Hormone secretion occurs in response to specific biochemical signals from a wide range of regulatory systems. Serum calcium concentration affects parathyroid hormone synthesis; blood sugar affects insulin synthesis; because the outputs of the stomach and exocrine pancreas become the input of the small intestine, the small intestine secretes hormones to stimulate the stomach and pancreas. The pancreas has both endocrine and exocrine functions. On one hand, it releases a number of hormones, including insulin and glucagon, into the bloodstream. But it also secretes a pancreatic juice that contains important digestive enzymes via ducts into the small intestine. 

Hormonal imbalance that happen as a result of exposure to toxins, an unbalanced lifestyle or thyroid issues or diabetes, can lead to serious health disorders. Trouble in sleeping may be a symptom for hormonal problems. Researchers believe that one week of camping, without electronics, can help the body synchronizes melatonin hormones with sunrise and sunset. More sunlight exposure for a man can likely elevate testosterone levels as there is a positive correlation between vitamin D and testosterone levels. Vitamin D is the only vitamin that is also a hormone. Its deficiency can lead to numerous mental illnesses such as depression and Schizophrenia. Diabetes is a disease in which the pancreas stops producing insulin, the hormone that regulates blood sugar levels. Besides, alcohol has widespread effects on the endocrine system. Alcohol can impair the regulation of blood-sugar levels by interfering with certain hormones, reduce testosterone levels in men by damaging the testes and increase the risk of osteoporosis. 

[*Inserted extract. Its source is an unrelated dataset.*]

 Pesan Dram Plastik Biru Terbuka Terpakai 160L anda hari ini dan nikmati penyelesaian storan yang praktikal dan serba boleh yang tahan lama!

The endocrine system quickly secretes various hormones in response to stress at higher-than-normal levels in order to help the body mobilize more energy and adapt to new circumstances. The pituitary-adrenal axis starts releasing adrenaline to increase the volume of blood pumped out by the heart and the blood flowing to the skeletal muscles. Moreover, cortisol is a steroid hormone produced by the adrenal cortex and it is released in response to the stress and low blood-glucose concentration. It inhibits the peripheral use of glucose and decreases the growth of bone. During acute physical stress, the pituitary gland may also ramp up the secretion of the growth hormone, which enhances metabolic activity. But prolonged or frequent stressful events can lead to a number of endocrine disorders, including Graves' disease, gonadal dysfunction and obesity. 

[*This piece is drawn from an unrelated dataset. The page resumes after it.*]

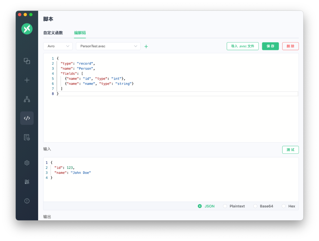编解码页面为 Avro 编解码测试提供了直观的界面。在这里您可以:

In the late 19th century and early 20th century, many endocrine system studies were generated on dogs, rather than on more typical lab animals, such as mice and guinea pigs. In 1889, German physiologist Oskar Minkowski and German physician Josef von Mering induced diabetes in dogs by removing their pancreases. Five years later, English physiologist Sir Edward Albert Sharpey-Schafer and English physician George Oliver took extracts from the adrenal glands of dogs and injected them into other dogs, which resulted in hypertension and rapid heartbeat. 

Plants do not have an endocrine system or endocrine glands, unlike humans and other animals. But they do have hormones, which affect various processes related to plant growth, including gene expression, metabolism and cell division. Plant cells sometimes produce hormones to use locally, but they may also transport the chemicals to other areas using specialized elongated cells or other means. 

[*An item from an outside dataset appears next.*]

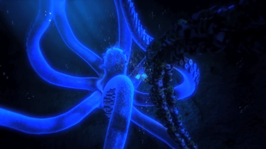 Krótko po pojawieniu się Ninja na wyspie, Lewiatan wynurzył się z oceanu. Nie zauważając intruzów, którzy schowali się w wieży, powrócił pod wodę. Wieczorem, Lewiatan wynurzył się ponownie, kiedy dr. Julien i jego goście odlatywali z wyspy. Potwór chwycił ich statek i zaczął ciągnąć w stronę morza. Lloyd użył swojej mocy, by macki stworzenia puściły ich pojazd, jednak Lewiatan złapał go ponownie. W końcu Zane zanurkował i uszkodził łańcuch wiążący Lewiatana, uwalniając potwora. Gdy Lewiatan zauważył, że jest wolny, puścił Perłę Przeznaczenia i odpłynął.

Hormones are the engineer of human essences to design the pathway fueling the activities of life significantly. The natural designs of many hormones with their structural and functional analogs are utilized as medications. Insulin, as mentioned earlier, is used by many diabetics. General preparations and compositions for utilizing in otolaryngology often contain pharmacologic equivalents of adrenaline. In dermatology, steroid and vitamin D creams are extensively prescribed. The most commonly prescribed hormones are estrogens and progestogens as methods of hormonal contraception and as hormone replacement therapy (HRT), thyroxine as levothyroxine for hypothyroidism and steroids for autoimmune diseases and several respiratory disorders.